■ **Problem statement**: In the material below, find the line with "للفتيات 3D الرسم"; set down that line and every line after it to the end, exactly, without pictures.

■ **Data segment**:
++++++++++
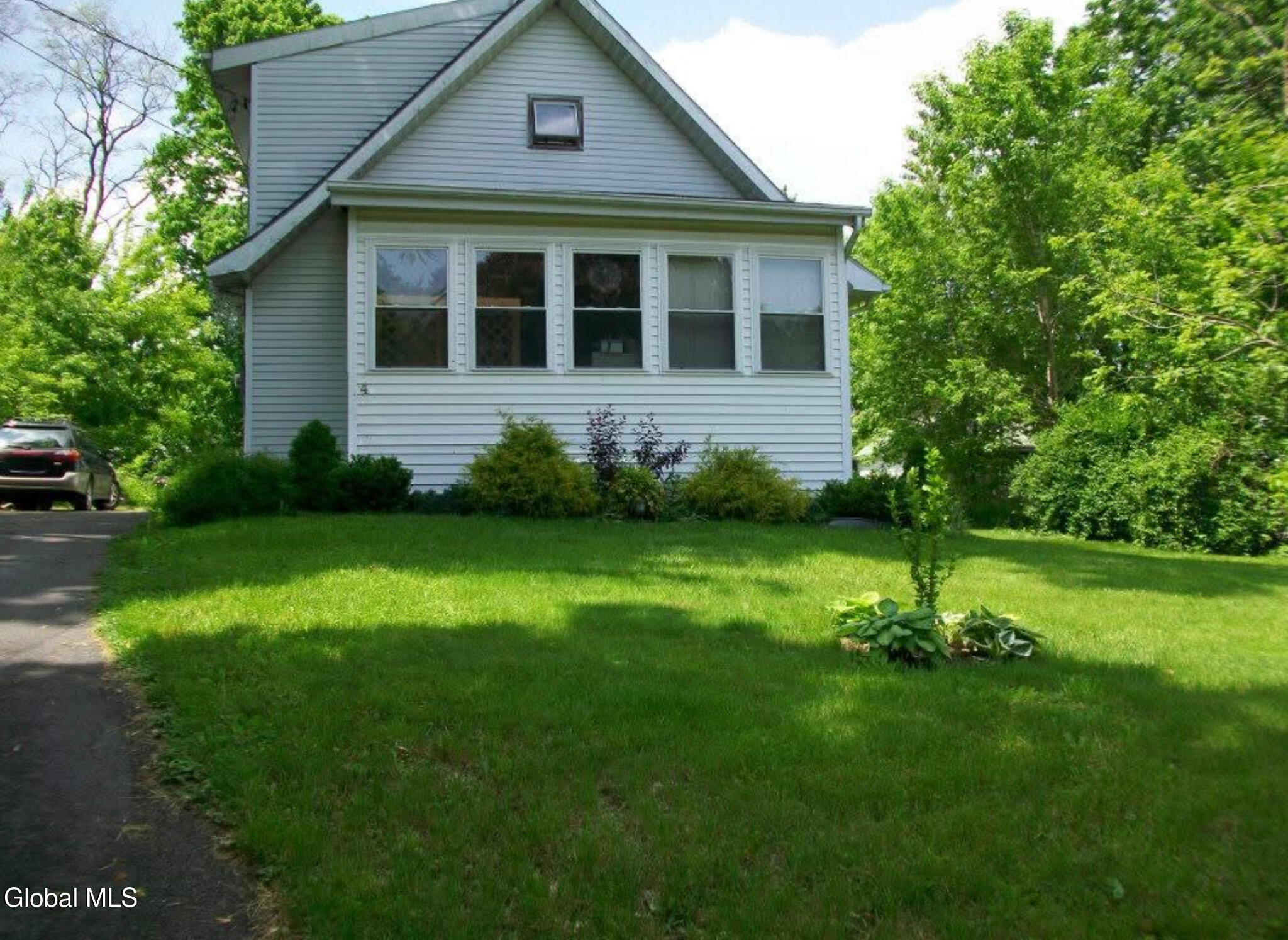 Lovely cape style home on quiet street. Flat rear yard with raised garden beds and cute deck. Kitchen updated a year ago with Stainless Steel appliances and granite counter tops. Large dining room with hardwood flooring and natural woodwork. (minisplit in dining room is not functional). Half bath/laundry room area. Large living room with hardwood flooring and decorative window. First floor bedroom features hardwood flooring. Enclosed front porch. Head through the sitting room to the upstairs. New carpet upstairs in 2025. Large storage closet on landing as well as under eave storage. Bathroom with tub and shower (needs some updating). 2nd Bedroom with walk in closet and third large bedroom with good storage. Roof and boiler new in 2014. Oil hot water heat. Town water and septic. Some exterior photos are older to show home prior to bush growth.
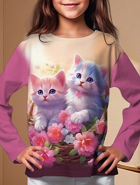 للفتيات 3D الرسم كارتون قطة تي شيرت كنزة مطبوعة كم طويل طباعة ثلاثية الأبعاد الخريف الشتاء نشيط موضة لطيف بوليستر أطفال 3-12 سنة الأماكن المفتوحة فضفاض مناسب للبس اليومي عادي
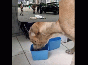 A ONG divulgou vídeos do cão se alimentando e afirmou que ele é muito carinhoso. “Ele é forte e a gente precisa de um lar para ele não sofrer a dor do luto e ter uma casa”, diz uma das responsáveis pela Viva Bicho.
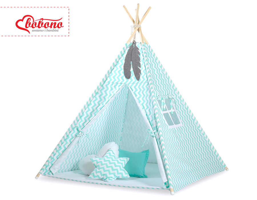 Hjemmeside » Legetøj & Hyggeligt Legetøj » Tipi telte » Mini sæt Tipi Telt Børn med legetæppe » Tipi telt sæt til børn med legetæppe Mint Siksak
++++++++++
■ **Reply to the task**:
 للفتيات 3D الرسم كارتون قطة تي شيرت كنزة مطبوعة كم طويل طباعة ثلاثية الأبعاد الخريف الشتاء نشيط موضة لطيف بوليستر أطفال 3-12 سنة الأماكن المفتوحة فضفاض مناسب للبس اليومي عادي
 A ONG divulgou vídeos do cão se alimentando e afirmou que ele é muito carinhoso. “Ele é forte e a gente precisa de um lar para ele não sofrer a dor do luto e ter uma casa”, diz uma das responsáveis pela Viva Bicho.
 Hjemmeside » Legetøj & Hyggeligt Legetøj » Tipi telte » Mini sæt Tipi Telt Børn med legetæppe » Tipi telt sæt til børn med legetæppe Mint Siksak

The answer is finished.